[Supplied information — start]
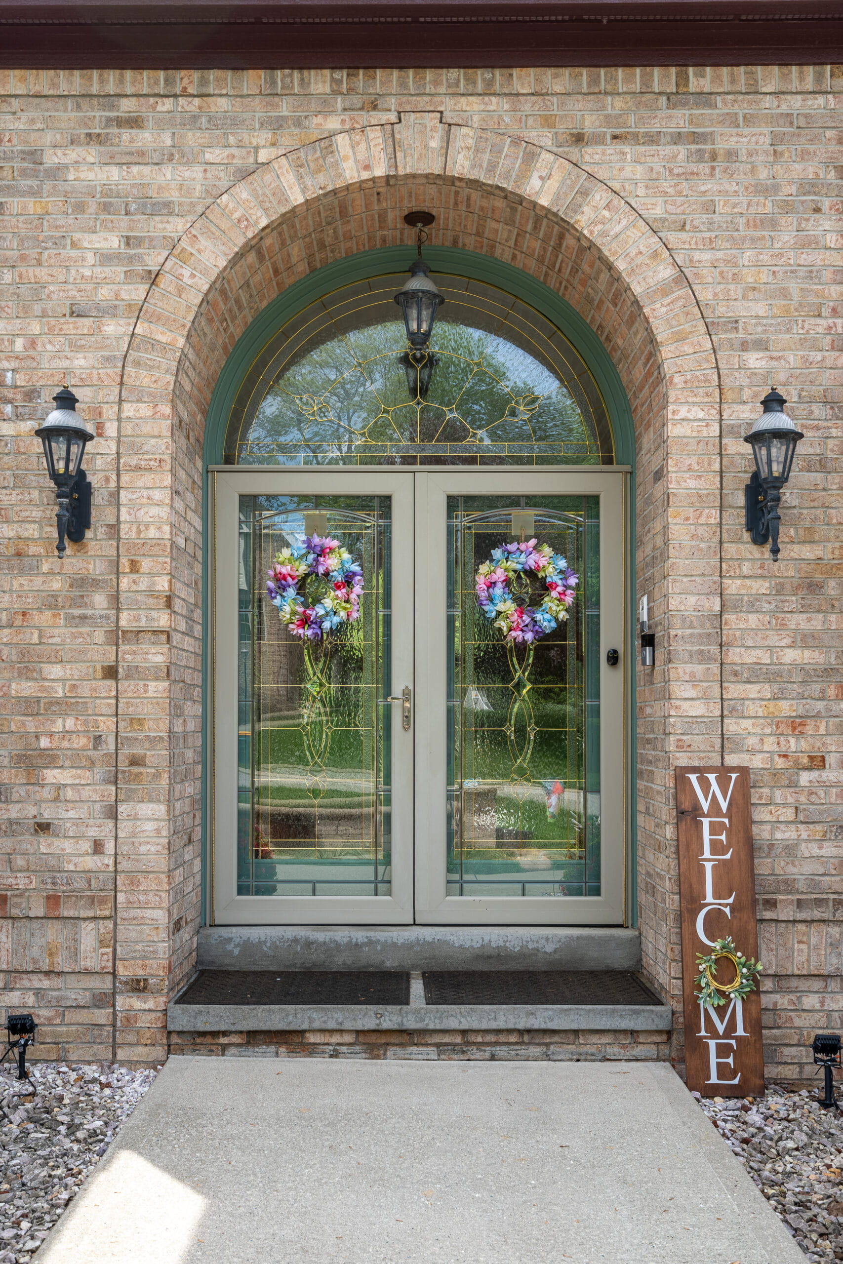 The finished result was a dramatic and beautiful transformation. The Arresting Auburn trim added warmth and character, tying in perfectly with the cherry garage doors. The Blue Spruce stain on the front door frame introduced just enough contrast for a tasteful, high-end look without overwhelming the entryway.
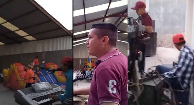 Este martes “Los Chuparrecio” filmaron en vivo su tocada en una fiesta infantil de Rancho Seco, cerca de las 3 de la tarde. En el video se ven seis integrantes del grupo: unos tocan la batería, otros piano, acordeón, tambora, bajo y tambores.
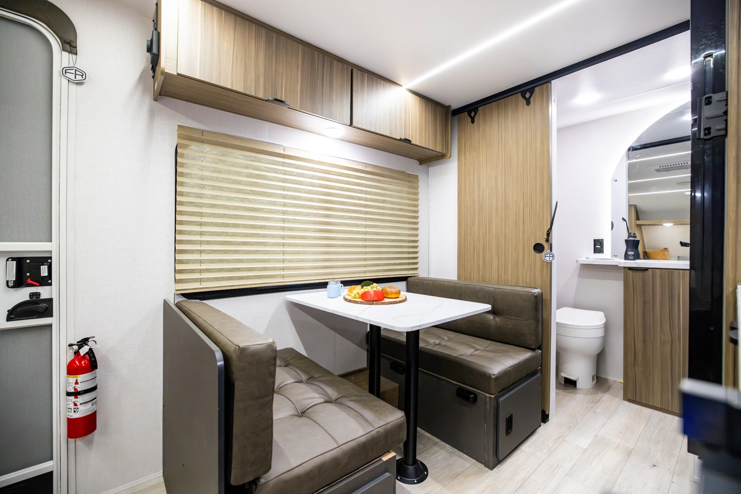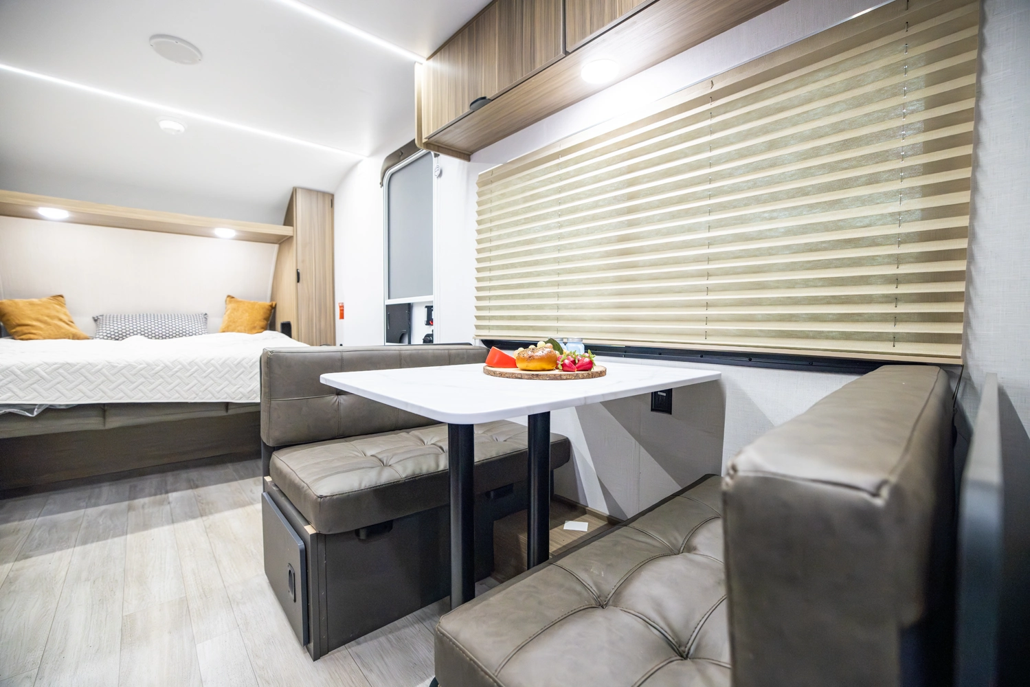 The 167RBK is just over 3,000 lb. of compact, yet feature-packed fun! The queen bed in front flips up to provide sofa space during the day, with end tables for extra storage and convenience. The booth dinette and large window give you great breakfast views, while the large rear bathroom provides a bit more elbow room than you'd expect—plus a bonus linen cabinet!
[Supplied information — finish]
> [Work request]: Give back the material above exactly as it appears, minus the pictures.

> [Written response]:
 The finished result was a dramatic and beautiful transformation. The Arresting Auburn trim added warmth and character, tying in perfectly with the cherry garage doors. The Blue Spruce stain on the front door frame introduced just enough contrast for a tasteful, high-end look without overwhelming the entryway.
 Este martes “Los Chuparrecio” filmaron en vivo su tocada en una fiesta infantil de Rancho Seco, cerca de las 3 de la tarde. En el video se ven seis integrantes del grupo: unos tocan la batería, otros piano, acordeón, tambora, bajo y tambores.
 The 167RBK is just over 3,000 lb. of compact, yet feature-packed fun! The queen bed in front flips up to provide sofa space during the day, with end tables for extra storage and convenience. The booth dinette and large window give you great breakfast views, while the large rear bathroom provides a bit more elbow room than you'd expect—plus a bonus linen cabinet!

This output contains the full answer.